RickC February 10, 2009 at 6:21 pm

Dr. Roberts and all,

Further reading into Daschle's book will show you that the Dems are following his plan to a T. He actually writes in the book that the health care provisions should be hidden within a spending bill to prevent debate and resistance. And remember, he was probably planning on being the health care dictator when he outlined this plan.

So the provisions have nothing to do with stimulus or health care, but instead, are just the standard power grab. Who was it that spoke of Daschle's unquestionable and well-known integrity?

indiana jim February 10, 2009 at 8:20 pm

Per RickC's post: Remember the Trojan Horse? It was a "gift" that brought death to the recipients because of what was hidden within it. However absurd, the spending bill is being touted as "stimulus", a sort of gift from the gods to "jump start" the American economy. Who says history doesn't repeat itself?

Ray G February 11, 2009 at 12:42 am

I'm amazed at how many people were outraged to find out that our government was tracking phone calls to/from a foreign country but they're perfectly okay with the government having our medical records in such a fashion.

Even if the spooks were tracking all of our phone calls, no foreign connection needed, which holds the potential for personal risk; transcripts of my wife and I talking about picking up a DVD on the way home from work, or my complete medical history in digital form?

Charles N. Steele February 11, 2009 at 1:01 pm

After spending a couple of hours trying to read H.R. 1 (ugh), I don't believe the account cited by RR is correct. The cited pages in question don't really say what is claimed.

For example, the Federal Coordinating Council for Comparative Effectiveness Research is tasked with organizing medical research, not defining permitted treatments. Sure, the research could be used for such, but H.R.1 doesn't call for it.

The discussions on and around pp. 511 and 518 concern making Medicare payments to users & nonusers of EHR. The penalties in and around 540-1 are for leaking individuals' EHR.

None of this is to defend H.R. 1; it's a dreadful mess, loaded with nonsense and built on bad economics. But our attacks on it ought to be accurate.

Tudorman February 19, 2009 at 9:41 pm

According to the HHS website, the National Coordinator for Health Information Technology was created in 2004 under Bush.
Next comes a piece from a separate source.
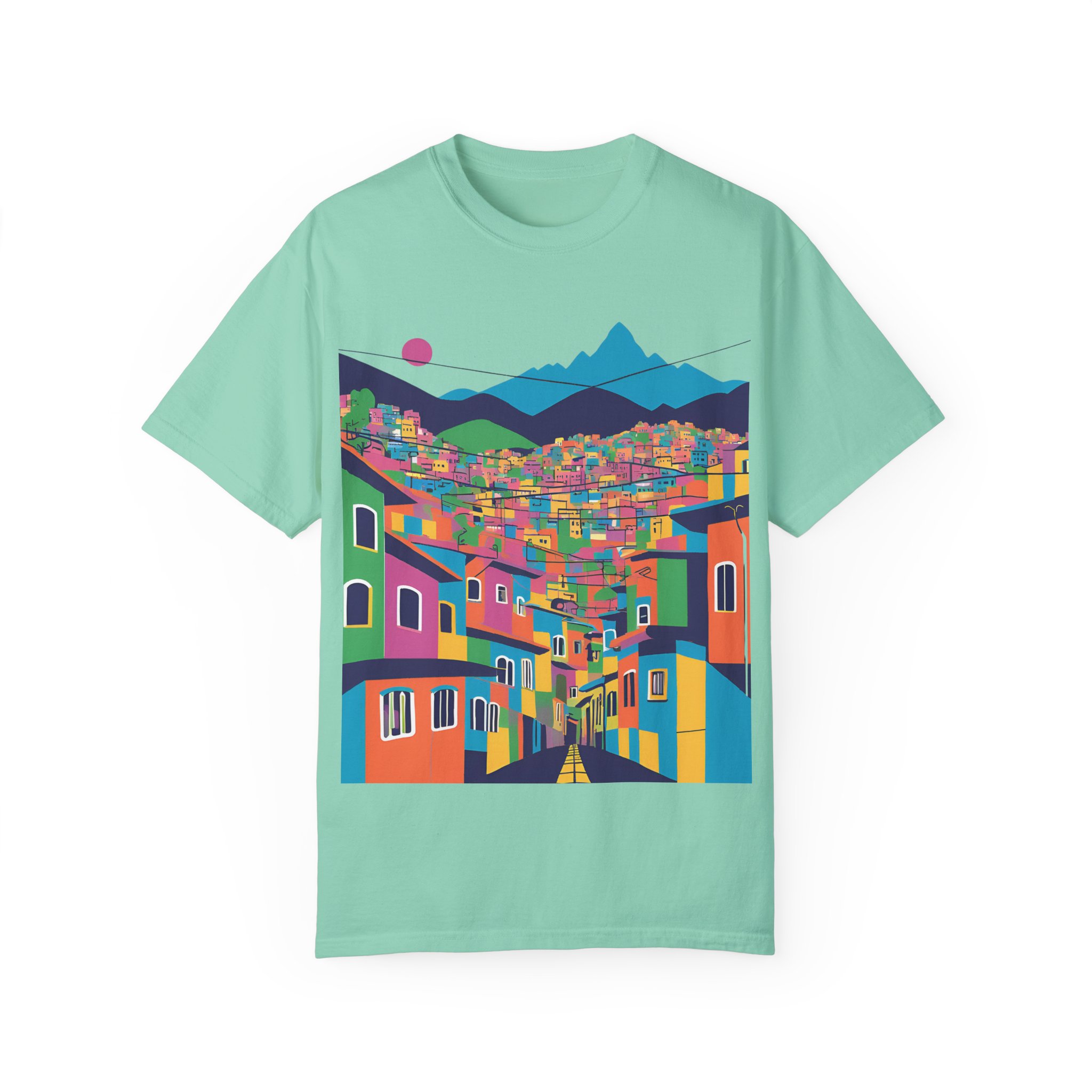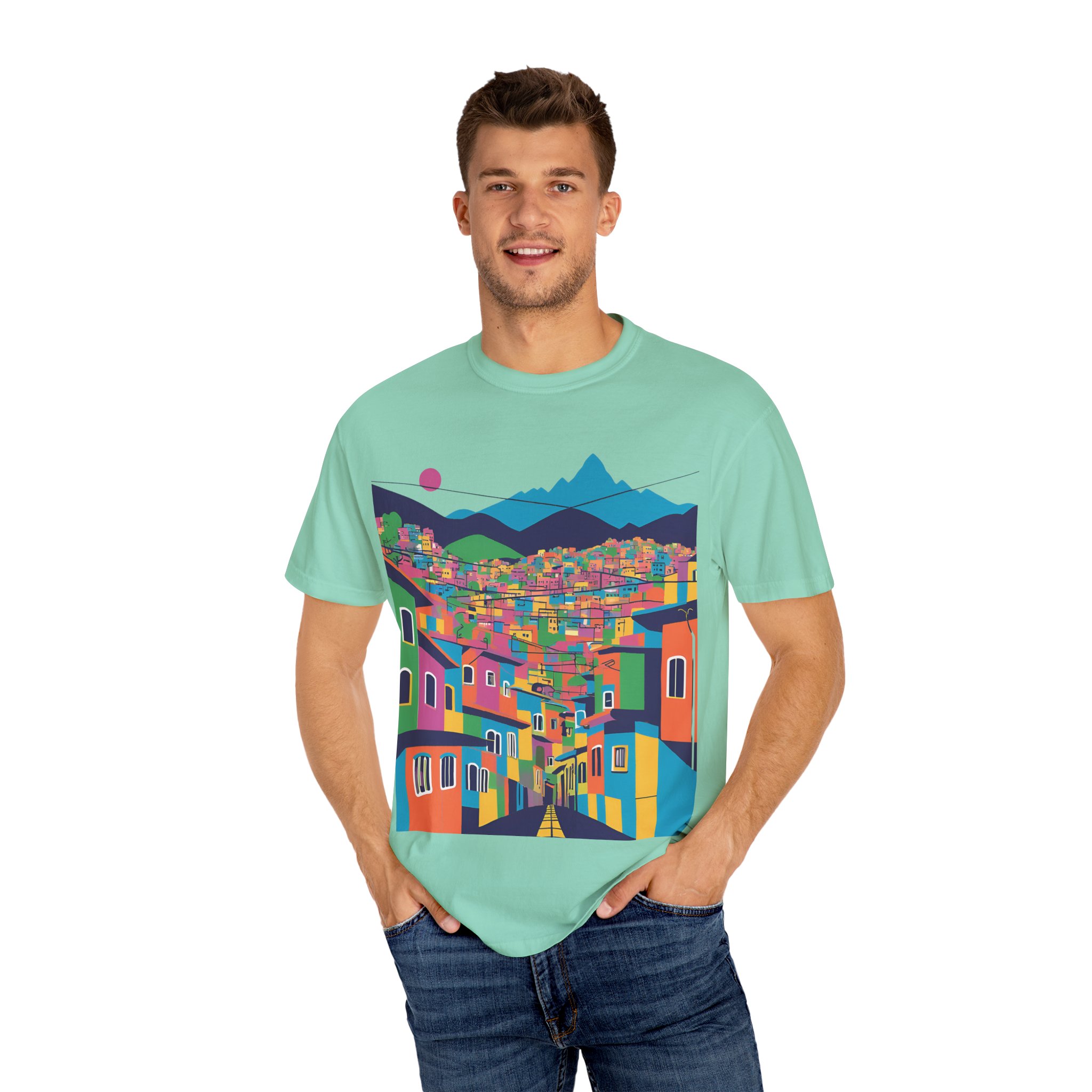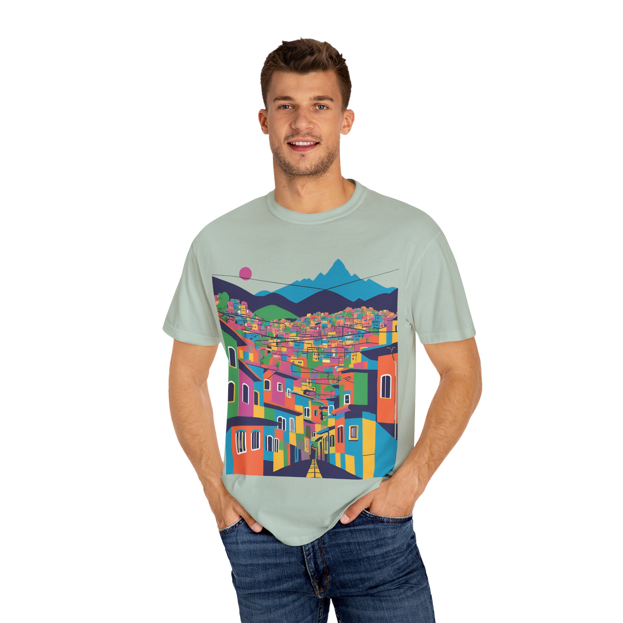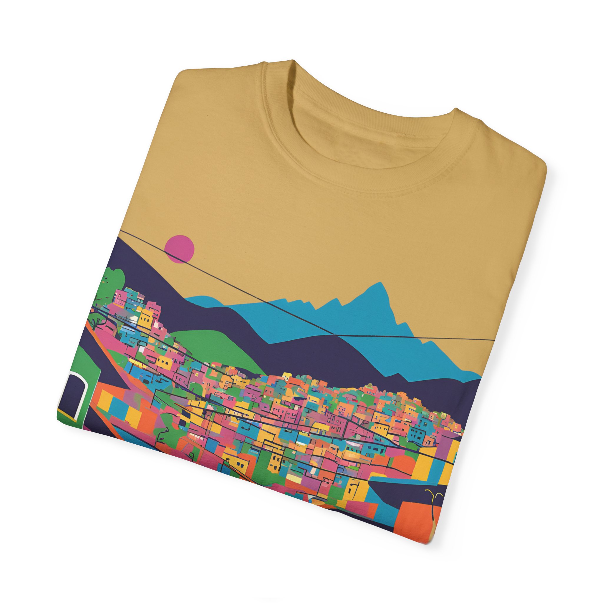 Elevate your wardrobe with this vibrant Unisex Garment-Dyed T-shirt. With its stunning design inspired by colorful urban landscapes, this shirt brings a sense of adventure and excitement to your everyday style. Perfect for those who appreciate a unique, artistic touch to their clothing, this t-shirt effortlessly combines comfort and flair. Whether you’re strolling through the city or enjoying a casual weekend getaway, this shirt fits seamlessly into your lifestyle.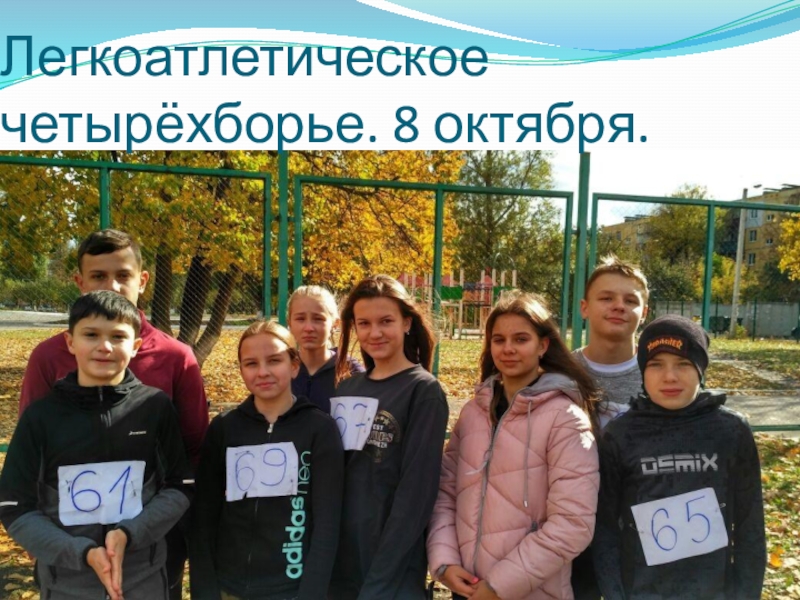 Слайд 15Легкоатлетическое четырёхборье. 8 октября.

Of course, that doesn't make it any less offensive.

Andrew E Plaisted February 20, 2009 at 7:22 pm

So we are adding new crap and organizations which costs $$. These new turds and organizations are now supposed to monitor and things and thus save us money. Is that not illogical? Sounds to me, like we would be better off leaving things as they are.

Why not just cut crap off the current spending sheets like some of the duplicate crap listed here: (Top 10 Examples of Government Waste)
I think we could live just fine without 341 of the 342 economic development programs. They obviously have failed.